At 320, the powered device 100 determines whether the current to be provided is a maximum current (e.g., during a duty cycle). If the current to be provided is a maximum current, the powered device continues to 325 where the activation drive signal turns on the diode of opto-isolator 215, causing a maximum current to be provided to DALI 110. For example, the microprocessor 205 may generate a turn-on activation drive signal. If the current is set to a value between 0 and the maximum value, the powered device 100 continues to 330.

At 330, the powered device 100 determines that the modulated drive signal has a duty cycle and frequency corresponding to the selected current setting of the current to be provided to the DALI 110. For example, the microprocessor 205 may generate the modulated drive signal as a PWM signal. At 335, the PWM signal drives the diode of opto-isolator 215 to conduct at the corresponding duty cycle and frequency. Through the voltage reference 220, resistors 225, 230, capacitor 235, and buck converter 240, current may be provided to the DALI110 (e.g., via the negative DALI port 245) at a selected current value that is greater than 0 but less than the maximum current value.

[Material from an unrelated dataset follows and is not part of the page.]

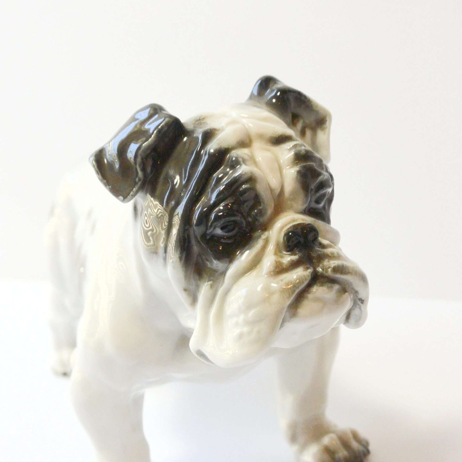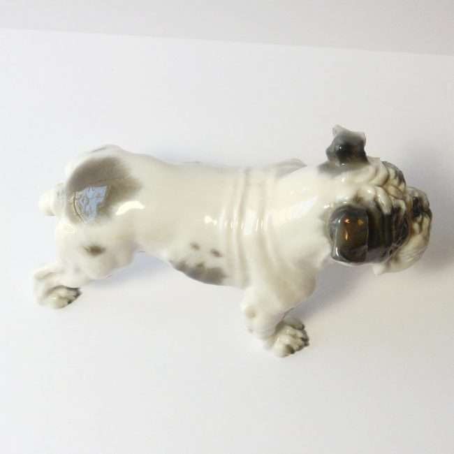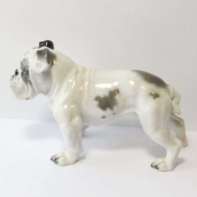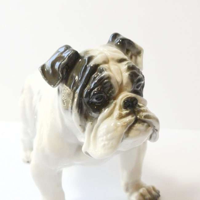 He’s just perfect! From his classic Bulldog stance, to the the self-assured demeanor so characteristic of the breed, this wonderful dog stands 4 1/2″ tall x 7″ long x 3 1/2″ wide.

Example embodiments provide devices, systems, and methods for dynamically selecting a current setting for power to be provided to a load via DALI. The current setting selection mechanism according to an exemplary embodiment performs a first operation of turning on or off a current to the DALI using an activation driving signal or a second operation of supplying a current to the DALI at a selected current value using a modulation driving signal. The modulated drive signal may be configured as a PWM having a duty cycle and frequency corresponding to the selected current value.

Those skilled in the art will appreciate that the above-described exemplary embodiments may be implemented in any suitable software or hardware configuration or combination thereof. In another example, the exemplary embodiments of the methods described above may be embodied as a computer program product comprising lines of code stored on a computer readable storage medium that are executable on a processor or microprocessor. For example, the storage medium may be a local or remote data store compatible with or formatted using any of the above-described operating systems for storage operations.

It will be apparent to those skilled in the art that various modifications can be made in the present disclosure without departing from the spirit or scope of the disclosure. Thus, it is intended that the present disclosure cover the modifications and variations of this invention provided they come within the scope of the appended claims and their equivalents.